Starting at the top of the entries below, write out each line up to and including the one containing "在这里定义一个List集合,就可以把每次留言的用户和内容都储存下来". Leave the pictures out.
=== Records for this exercise ===
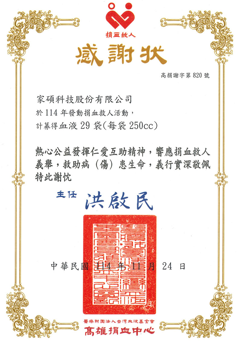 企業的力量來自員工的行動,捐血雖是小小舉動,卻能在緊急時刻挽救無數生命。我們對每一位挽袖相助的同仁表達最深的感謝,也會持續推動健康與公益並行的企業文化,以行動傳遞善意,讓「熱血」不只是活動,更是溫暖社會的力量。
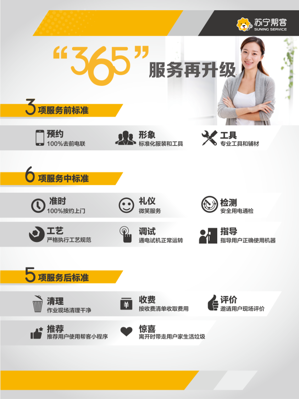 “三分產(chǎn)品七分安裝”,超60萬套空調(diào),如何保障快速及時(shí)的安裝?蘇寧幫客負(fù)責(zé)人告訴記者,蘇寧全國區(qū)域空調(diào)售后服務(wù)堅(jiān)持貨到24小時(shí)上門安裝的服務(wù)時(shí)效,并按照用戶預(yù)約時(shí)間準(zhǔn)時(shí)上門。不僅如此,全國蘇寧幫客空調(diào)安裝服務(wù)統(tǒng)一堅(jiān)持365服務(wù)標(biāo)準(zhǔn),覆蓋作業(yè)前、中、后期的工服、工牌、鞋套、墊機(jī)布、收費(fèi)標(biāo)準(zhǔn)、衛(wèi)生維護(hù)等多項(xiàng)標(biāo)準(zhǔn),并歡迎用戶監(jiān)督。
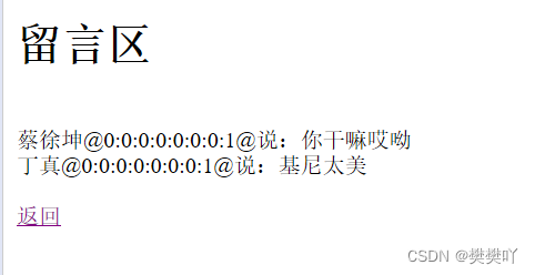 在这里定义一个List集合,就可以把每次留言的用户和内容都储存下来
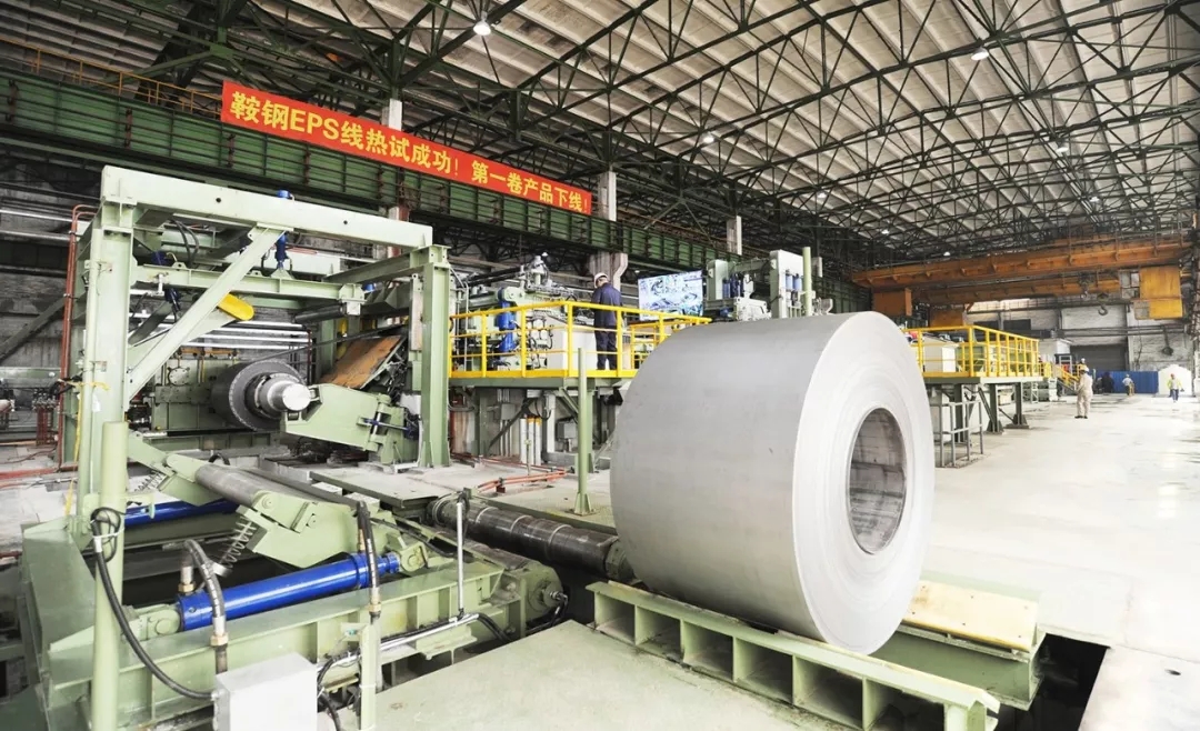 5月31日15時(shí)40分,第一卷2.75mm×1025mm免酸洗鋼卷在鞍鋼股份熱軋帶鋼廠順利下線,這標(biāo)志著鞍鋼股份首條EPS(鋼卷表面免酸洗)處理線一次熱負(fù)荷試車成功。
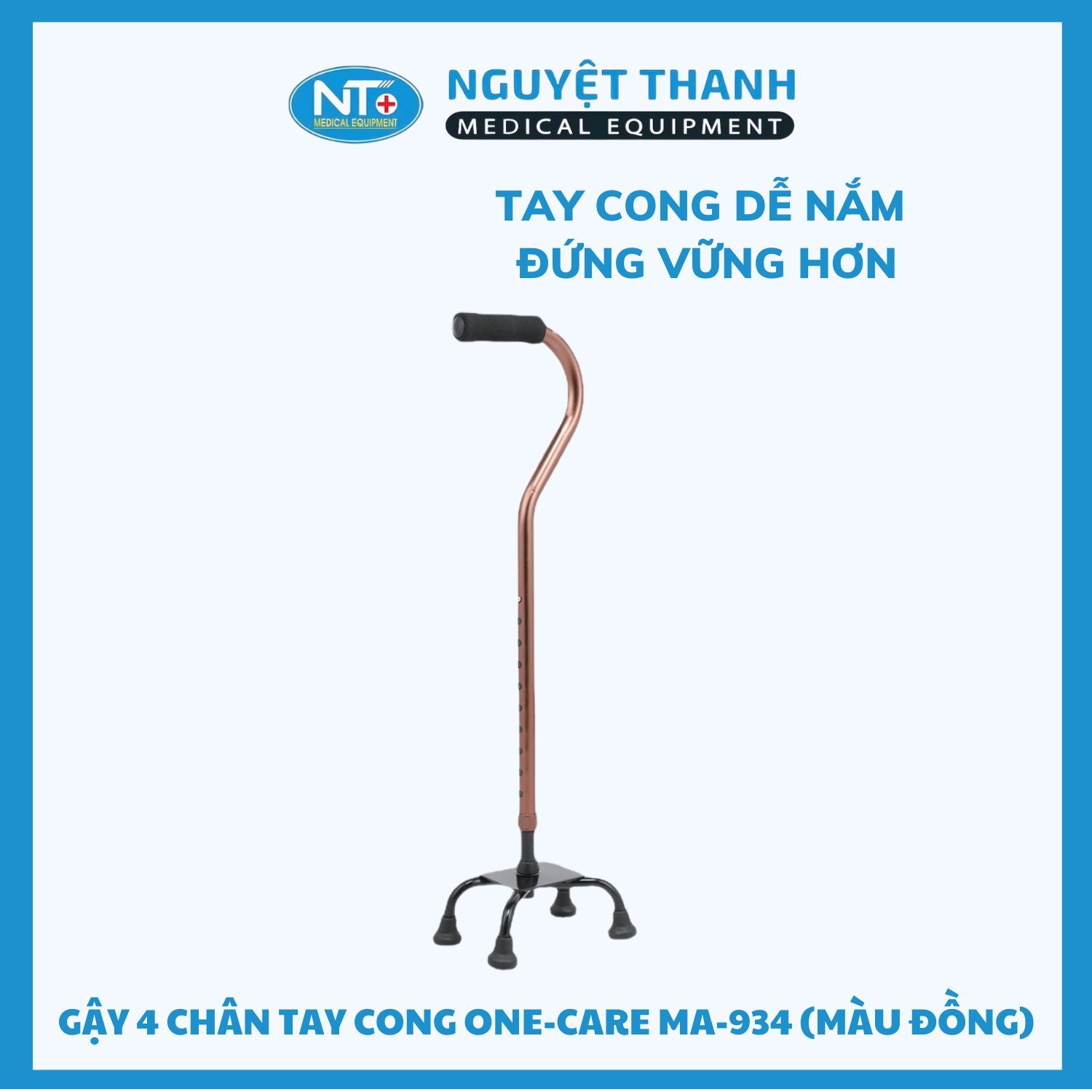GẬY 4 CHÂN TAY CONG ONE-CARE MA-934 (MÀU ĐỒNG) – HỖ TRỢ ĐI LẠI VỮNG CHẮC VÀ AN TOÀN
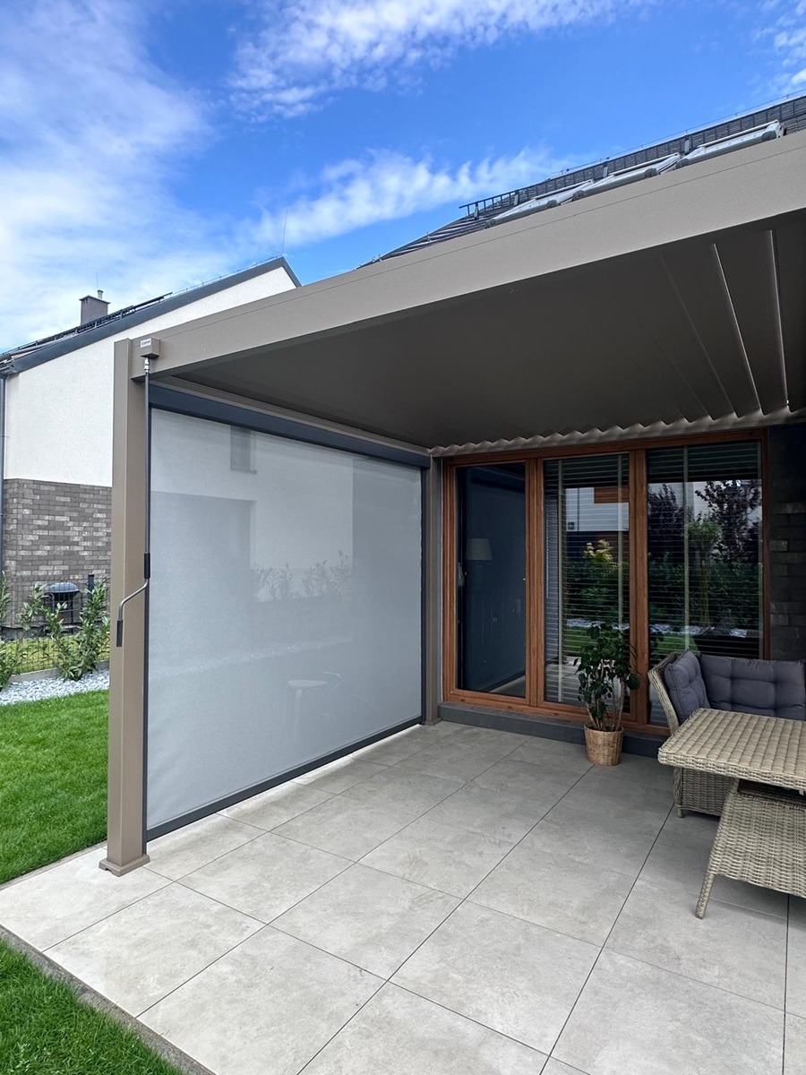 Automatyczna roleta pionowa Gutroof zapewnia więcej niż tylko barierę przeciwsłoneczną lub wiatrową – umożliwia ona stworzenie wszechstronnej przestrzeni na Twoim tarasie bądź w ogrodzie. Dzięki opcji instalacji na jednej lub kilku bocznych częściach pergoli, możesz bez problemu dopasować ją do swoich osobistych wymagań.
===
### Response
 企業的力量來自員工的行動,捐血雖是小小舉動,卻能在緊急時刻挽救無數生命。我們對每一位挽袖相助的同仁表達最深的感謝,也會持續推動健康與公益並行的企業文化,以行動傳遞善意,讓「熱血」不只是活動,更是溫暖社會的力量。
 “三分產(chǎn)品七分安裝”,超60萬套空調(diào),如何保障快速及時(shí)的安裝?蘇寧幫客負(fù)責(zé)人告訴記者,蘇寧全國區(qū)域空調(diào)售后服務(wù)堅(jiān)持貨到24小時(shí)上門安裝的服務(wù)時(shí)效,并按照用戶預(yù)約時(shí)間準(zhǔn)時(shí)上門。不僅如此,全國蘇寧幫客空調(diào)安裝服務(wù)統(tǒng)一堅(jiān)持365服務(wù)標(biāo)準(zhǔn),覆蓋作業(yè)前、中、后期的工服、工牌、鞋套、墊機(jī)布、收費(fèi)標(biāo)準(zhǔn)、衛(wèi)生維護(hù)等多項(xiàng)標(biāo)準(zhǔn),并歡迎用戶監(jiān)督。
 在这里定义一个List集合,就可以把每次留言的用户和内容都储存下来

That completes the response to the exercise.